Loading x number of CSV files into x number of unique tables of a database

  • Seems like you could create a step in your SSIS package that groups all the files that start or end with the same prefix/suffix together. Then just use a For Each file loop, and you're all set. Or did I miss something?

  • masterelaichi wrote:

    The filenames are named with the groups there are in - Filename1_Group1.csv, Filename2_Group1.CSV, Filename3_Group1.csv; Filename1_Group2.csv, Filename2_Group2.CSV, Filename3_Group2.csv, and so on

    When I create the dataflow task, I add the name of the file as the name of the OLEDB destination component. So when I go to e OLEDB destination->table load or fast view-> NEW, the SQL code is CREATE TABLE Filename1_Group1. I edit this step by adding an identifier column using IDENTITY (1,1)

    Once I do this, the resulting tables in SQL are named the same as the raw file mentioned above. To answer your question as to how I identify, it is manual as the names of the file is the name of the sql table that is meant to be created. I can do these in batches, i.e, load all of Group1, followed by Group2, and so on

    Hope that helps

    I urge you to consider refining this process such that you do not keep creating new tables.

    Instead, have a single table per group and add Filename (and any other useful attributes, eg, LoadedAt) as a column in the table.

    If you do this, you can process all of the files in a single group using a FOREACH container in SSIS. With seven FOREACH containers, you could import all of the files to your seven group tables.

    If you aren't happy single, you won't be happy in a relationship.

    Remember, happiness comes from guitars, not relationships.

  • That would have been my preferred method as well. But the project has been going on for a few years and this is what has been followed historically, even before I started.  I am afraid it might be too complicated to change it now and might cause more damage

     

     

     

     

     

     

  • masterelaichi wrote:

    The filenames are named with the groups there are in - Filename1_Group1.csv, Filename2_Group1.CSV, Filename3_Group1.csv; Filename1_Group2.csv, Filename2_Group2.CSV, Filename3_Group2.csv, and so on

    When I create the dataflow task, I add the name of the file as the name of the OLEDB destination component. So when I go to e OLEDB destination->table load or fast view-> NEW, the SQL code is CREATE TABLE Filename1_Group1. I edit this step by adding an identifier column using IDENTITY (1,1)

    Once I do this, the resulting tables in SQL are named the same as the raw file mentioned above. To answer your question as to how I identify, it is manual as the names of the file is the name of the sql table that is meant to be created. I can do these in batches, i.e, load all of Group1, followed by Group2, and so on

    Hope that helps

    Perfect.  We're almost there.  Can you attached the CREATE TABLE code that's used for each of the first 3 groups?
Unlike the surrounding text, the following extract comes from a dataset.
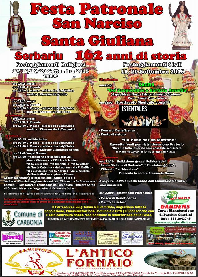 FESTA PATRONALE SAN NARCISO E SANTA GIULIANA – SERBARIU – 17-20 SETTEMBRE 2015

    Also, you mentioned the "text qualifier" in your Step 3.  Are these files comma separated and all columns are "double quoted" or just some of the "cells" are "double quoted"?  And which version of SQL Server are you using?  2016 or less or 2017 or greater?

    --Jeff Moden


    RBAR is pronounced "ree-bar" and is a "Modenism" for Row-By-Agonizing-Row.
    First step towards the paradigm shift of writing Set Based code:
    ________Stop thinking about what you want to do to a ROW... think, instead, of what you want to do to a COLUMN.
    "Change is inevitable... change for the better is not".

    Helpful Links:
    How to post code problems
    How to Post Performance Problems
    Create a Tally Function (fnTally)
    Intro to Tally Tables and Functions

  • masterelaichi wrote:

    That would have been my preferred method as well. But the project has been going on for a few years and this is what has been followed historically, even before I started.  I am afraid it might be too complicated to change it now and might cause more damage

    Not to worry... Let's peel one potato at a time.  See what I think is my final question in my previous post above.

    --Jeff Moden


    RBAR is pronounced "ree-bar" and is a "Modenism" for Row-By-Agonizing-Row.
    First step towards the paradigm shift of writing Set Based code:
    ________Stop thinking about what you want to do to a ROW... think, instead, of what you want to do to a COLUMN.
    "Change is inevitable... change for the better is not".

    Helpful Links:
    How to post code problems
    How to Post Performance Problems
    Create a Tally Function (fnTally)
    Intro to Tally Tables and Functions

  • Perfect. We're almost there. Can you attached the CREATE TABLE code that's used for each of the first 3 groups?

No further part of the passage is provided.